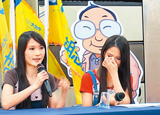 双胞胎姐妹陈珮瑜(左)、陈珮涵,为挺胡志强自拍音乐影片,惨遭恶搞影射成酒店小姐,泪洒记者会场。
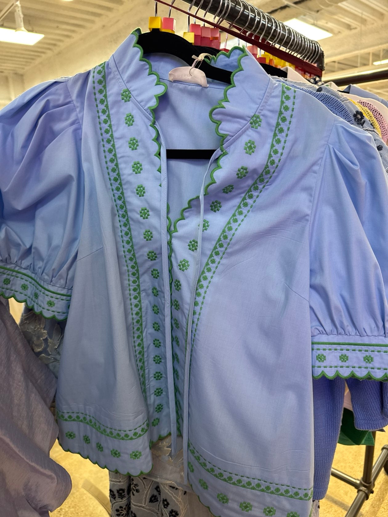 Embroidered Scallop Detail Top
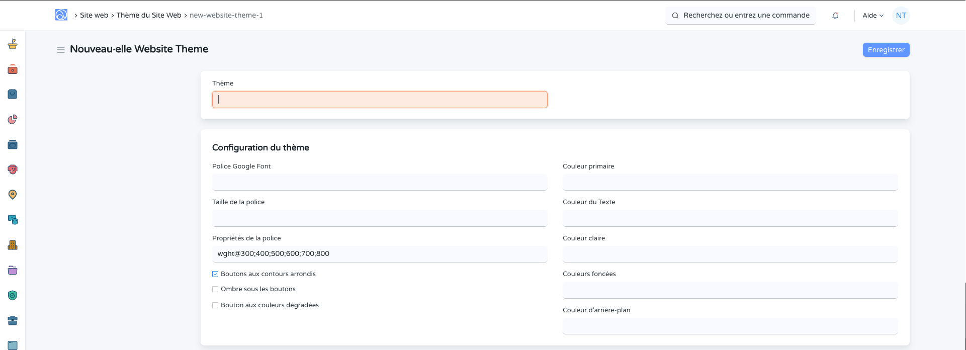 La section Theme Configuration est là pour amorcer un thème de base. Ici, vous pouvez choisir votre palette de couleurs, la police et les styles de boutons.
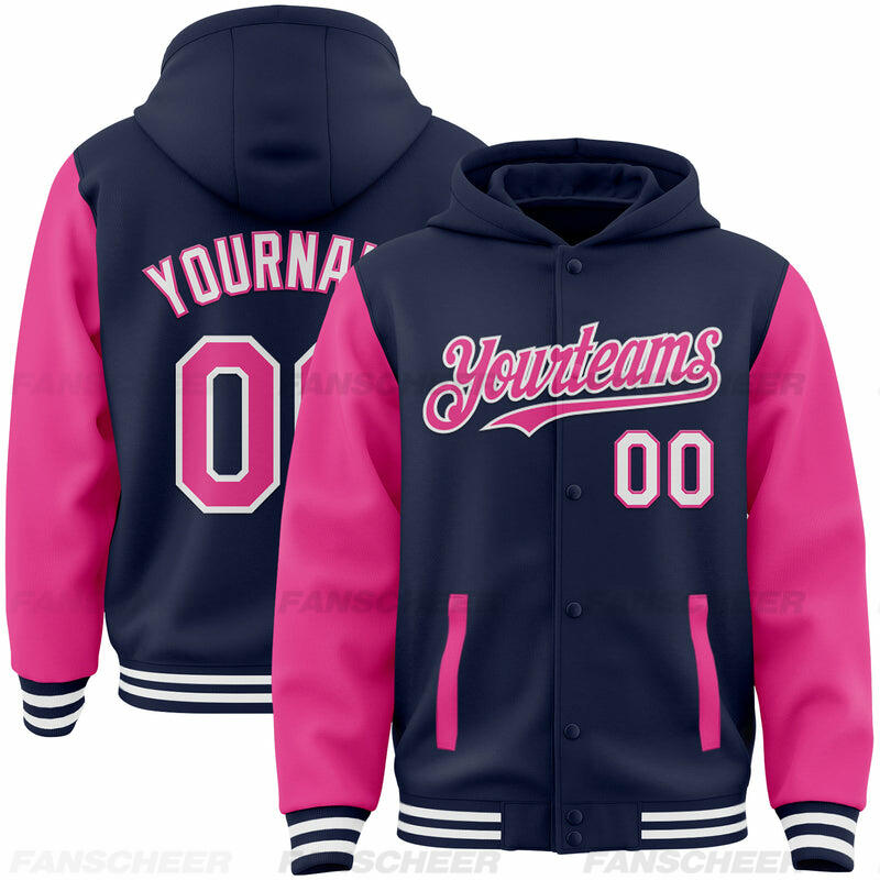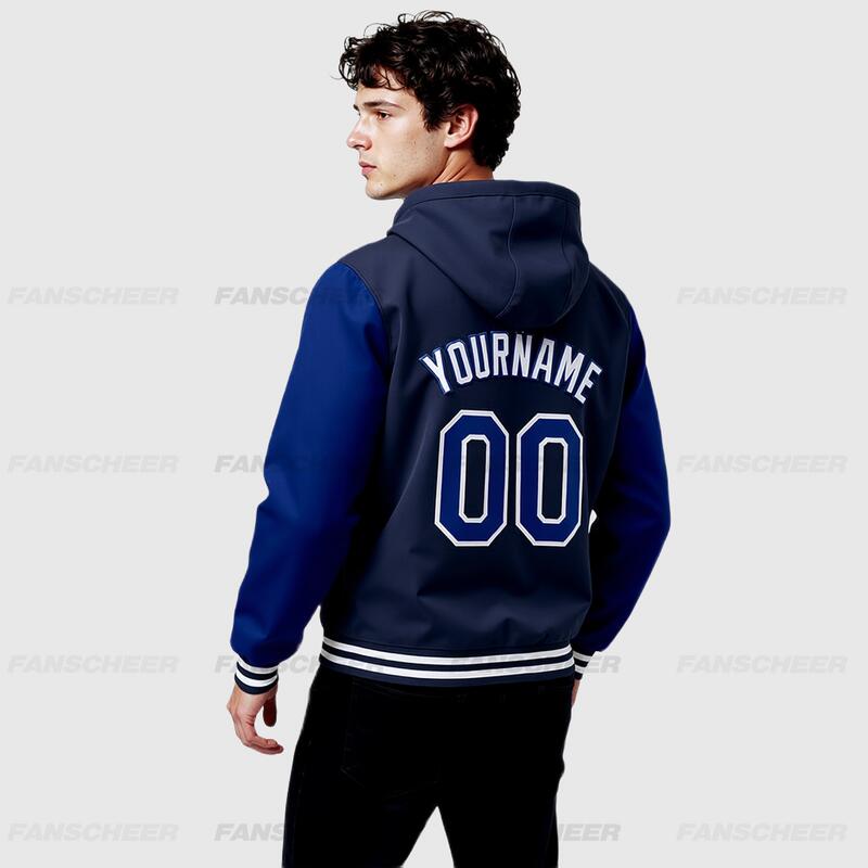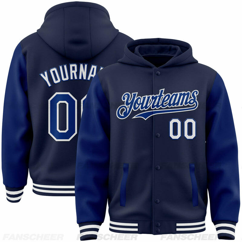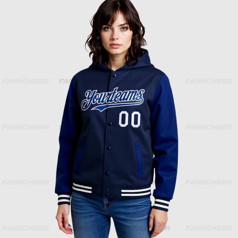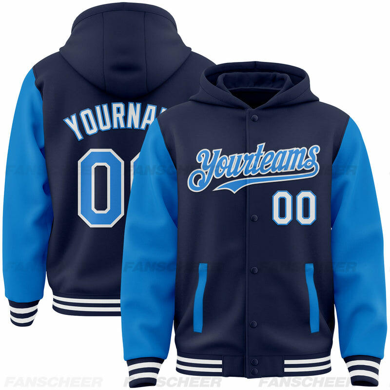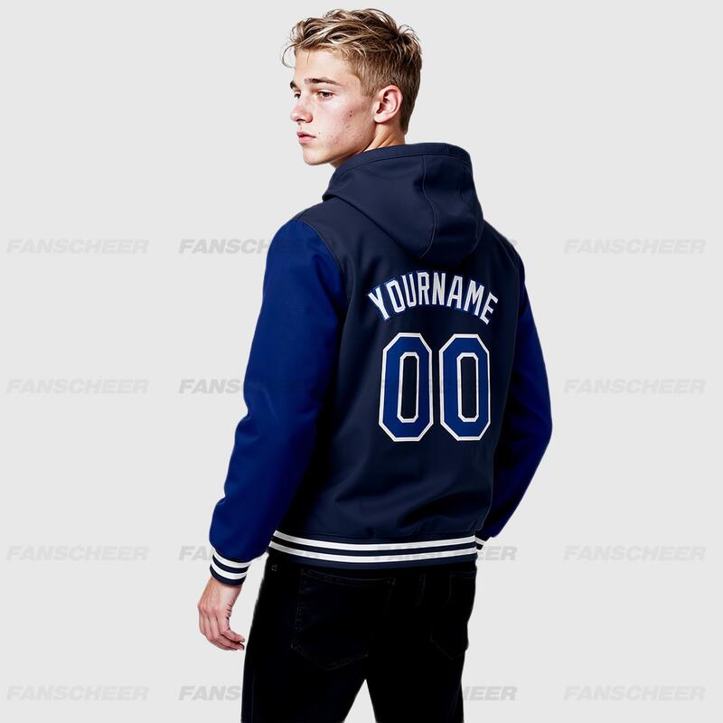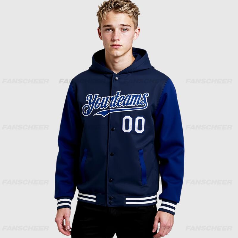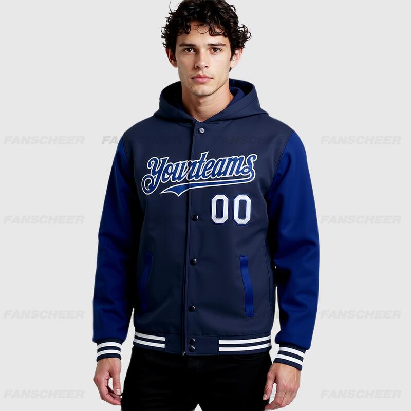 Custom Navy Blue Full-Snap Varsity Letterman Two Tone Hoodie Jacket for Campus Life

Work to be completed> Precisely the lines from the one containing "La section Theme" to the end of the data above, both included, should be printed; leave the pictures out.

Finished exercise>
 La section Theme Configuration est là pour amorcer un thème de base. Ici, vous pouvez choisir votre palette de couleurs, la police et les styles de boutons.
 Custom Navy Blue Full-Snap Varsity Letterman Two Tone Hoodie Jacket for Campus Life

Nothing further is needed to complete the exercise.